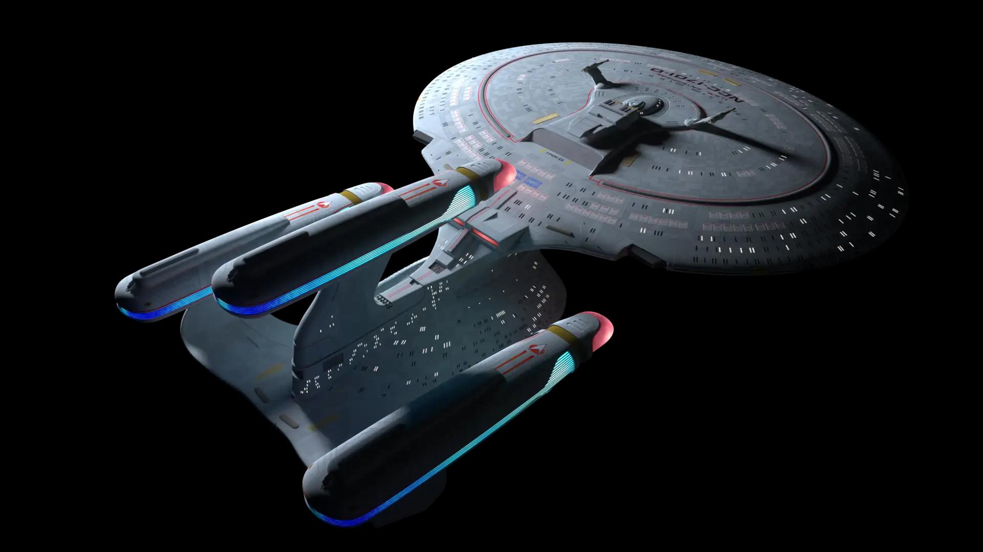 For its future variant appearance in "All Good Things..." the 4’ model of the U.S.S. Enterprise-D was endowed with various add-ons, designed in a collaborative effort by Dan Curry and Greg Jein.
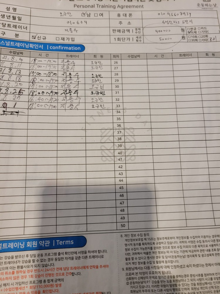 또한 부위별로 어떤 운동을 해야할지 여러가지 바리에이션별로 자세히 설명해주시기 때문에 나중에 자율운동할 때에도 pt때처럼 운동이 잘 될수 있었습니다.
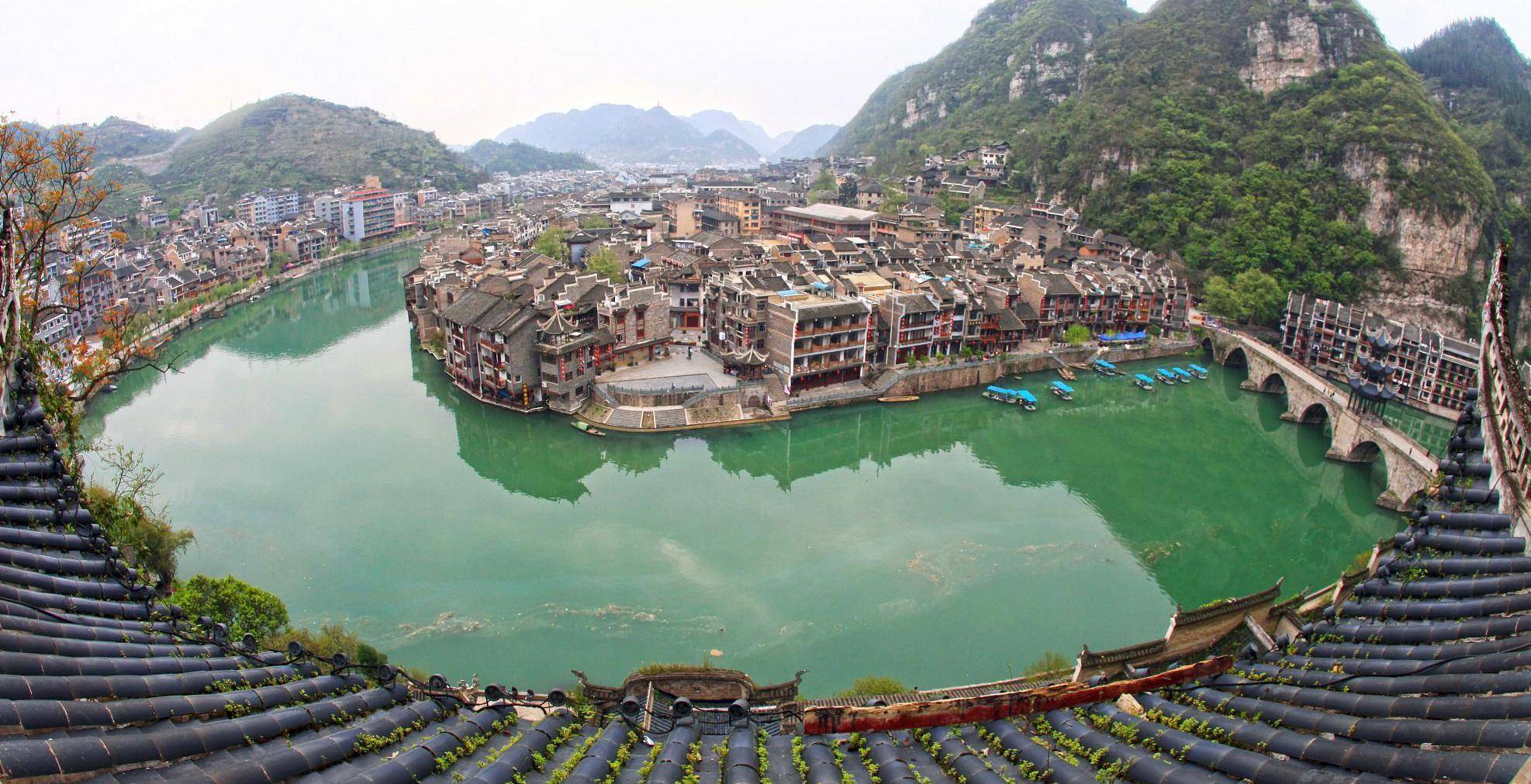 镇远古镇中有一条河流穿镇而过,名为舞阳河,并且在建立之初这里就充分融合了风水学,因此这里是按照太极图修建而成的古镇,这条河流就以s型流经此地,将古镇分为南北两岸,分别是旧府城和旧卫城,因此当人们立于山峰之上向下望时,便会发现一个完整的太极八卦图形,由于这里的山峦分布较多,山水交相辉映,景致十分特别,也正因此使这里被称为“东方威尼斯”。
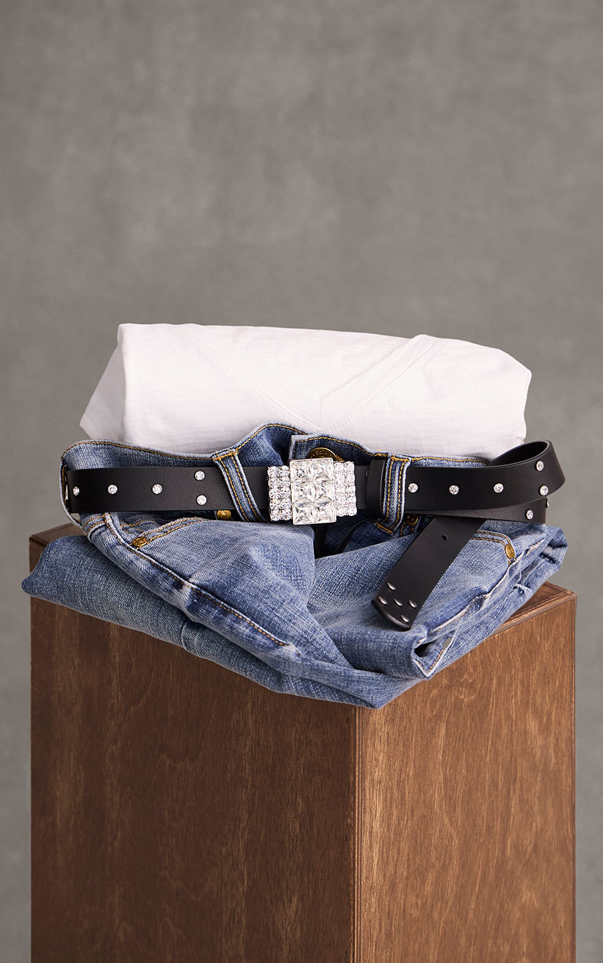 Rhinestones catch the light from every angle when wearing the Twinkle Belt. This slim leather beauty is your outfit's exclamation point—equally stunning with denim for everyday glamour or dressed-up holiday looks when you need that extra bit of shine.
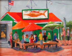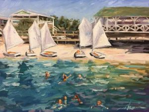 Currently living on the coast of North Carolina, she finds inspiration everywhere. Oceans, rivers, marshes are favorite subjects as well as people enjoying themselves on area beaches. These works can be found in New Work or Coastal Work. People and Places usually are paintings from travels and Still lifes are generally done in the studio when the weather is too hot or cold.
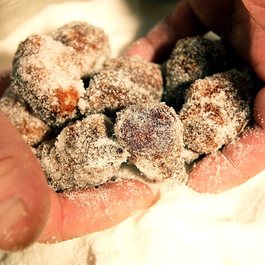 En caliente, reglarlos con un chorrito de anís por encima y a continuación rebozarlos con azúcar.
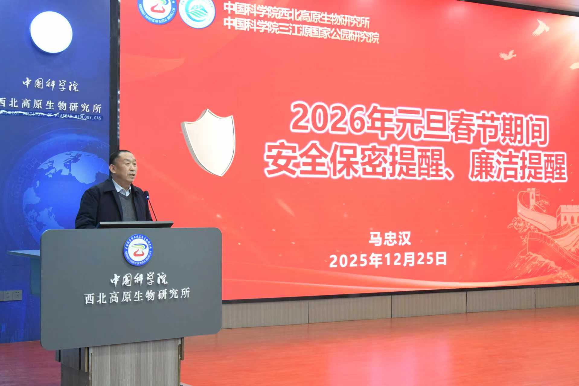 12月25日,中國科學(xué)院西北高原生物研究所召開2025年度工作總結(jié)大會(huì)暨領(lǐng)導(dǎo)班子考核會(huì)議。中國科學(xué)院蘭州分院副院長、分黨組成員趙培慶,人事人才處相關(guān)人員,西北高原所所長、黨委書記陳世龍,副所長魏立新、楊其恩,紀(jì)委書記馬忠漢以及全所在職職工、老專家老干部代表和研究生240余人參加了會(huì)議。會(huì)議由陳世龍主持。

****************

- **THE PROBLEM**: Give again, word for word, every line from the top of the data through the line with "镇远古镇中有一条河流穿镇而过", both ends included, and exclude the pictures.

- **RESULT OF THE TASK**:
 For its future variant appearance in "All Good Things..." the 4’ model of the U.S.S. Enterprise-D was endowed with various add-ons, designed in a collaborative effort by Dan Curry and Greg Jein.
 또한 부위별로 어떤 운동을 해야할지 여러가지 바리에이션별로 자세히 설명해주시기 때문에 나중에 자율운동할 때에도 pt때처럼 운동이 잘 될수 있었습니다.
 镇远古镇中有一条河流穿镇而过,名为舞阳河,并且在建立之初这里就充分融合了风水学,因此这里是按照太极图修建而成的古镇,这条河流就以s型流经此地,将古镇分为南北两岸,分别是旧府城和旧卫城,因此当人们立于山峰之上向下望时,便会发现一个完整的太极八卦图形,由于这里的山峦分布较多,山水交相辉映,景致十分特别,也正因此使这里被称为“东方威尼斯”。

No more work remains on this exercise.